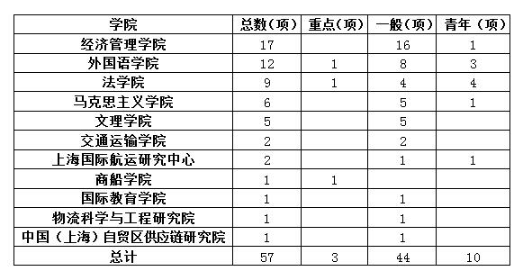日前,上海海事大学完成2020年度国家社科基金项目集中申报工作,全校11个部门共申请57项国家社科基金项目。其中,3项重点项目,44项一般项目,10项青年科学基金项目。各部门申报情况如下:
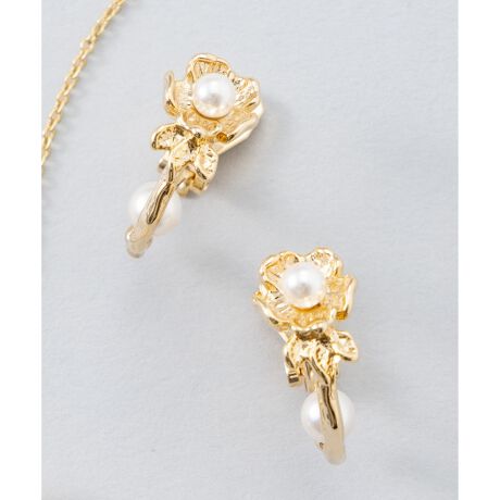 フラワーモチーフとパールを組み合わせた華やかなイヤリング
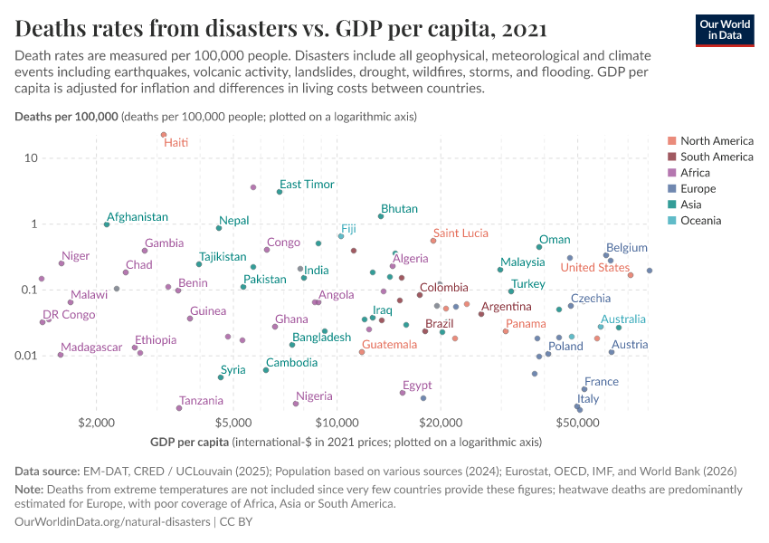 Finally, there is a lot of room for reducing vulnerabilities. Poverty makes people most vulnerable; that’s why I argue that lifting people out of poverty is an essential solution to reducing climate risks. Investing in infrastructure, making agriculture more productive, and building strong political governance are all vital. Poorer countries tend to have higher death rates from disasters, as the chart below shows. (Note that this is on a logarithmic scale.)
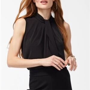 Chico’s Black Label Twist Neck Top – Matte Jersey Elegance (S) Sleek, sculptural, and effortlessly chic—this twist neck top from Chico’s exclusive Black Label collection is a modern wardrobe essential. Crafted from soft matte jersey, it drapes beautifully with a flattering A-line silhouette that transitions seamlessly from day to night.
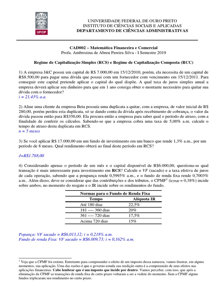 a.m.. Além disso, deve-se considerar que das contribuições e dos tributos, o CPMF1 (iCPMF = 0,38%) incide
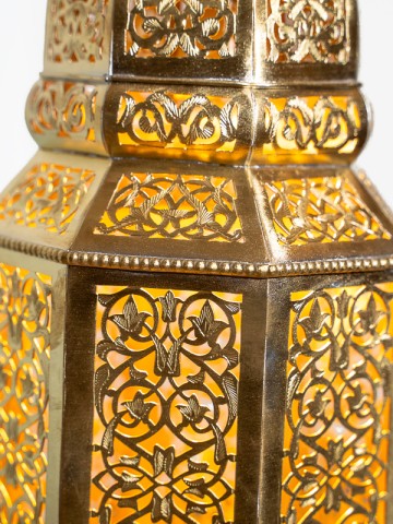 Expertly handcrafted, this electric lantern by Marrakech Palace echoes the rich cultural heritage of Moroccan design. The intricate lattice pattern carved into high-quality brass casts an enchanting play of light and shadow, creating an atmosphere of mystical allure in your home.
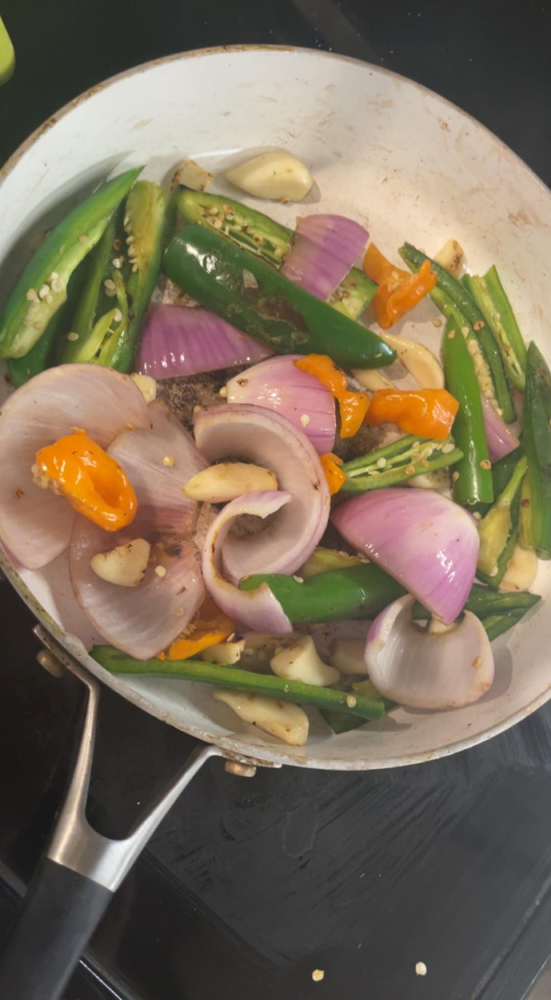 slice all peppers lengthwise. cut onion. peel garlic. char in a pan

## ACTIVITY
Reproduce, word for word, every line from the start of the records down to and including the line with "Finally, there is"; skip the pictures.

## EXERCISE ANSWER
日前,上海海事大学完成2020年度国家社科基金项目集中申报工作,全校11个部门共申请57项国家社科基金项目。其中,3项重点项目,44项一般项目,10项青年科学基金项目。各部门申报情况如下:
 フラワーモチーフとパールを組み合わせた華やかなイヤリング
 Finally, there is a lot of room for reducing vulnerabilities. Poverty makes people most vulnerable; that’s why I argue that lifting people out of poverty is an essential solution to reducing climate risks. Investing in infrastructure, making agriculture more productive, and building strong political governance are all vital. Poorer countries tend to have higher death rates from disasters, as the chart below shows. (Note that this is on a logarithmic scale.)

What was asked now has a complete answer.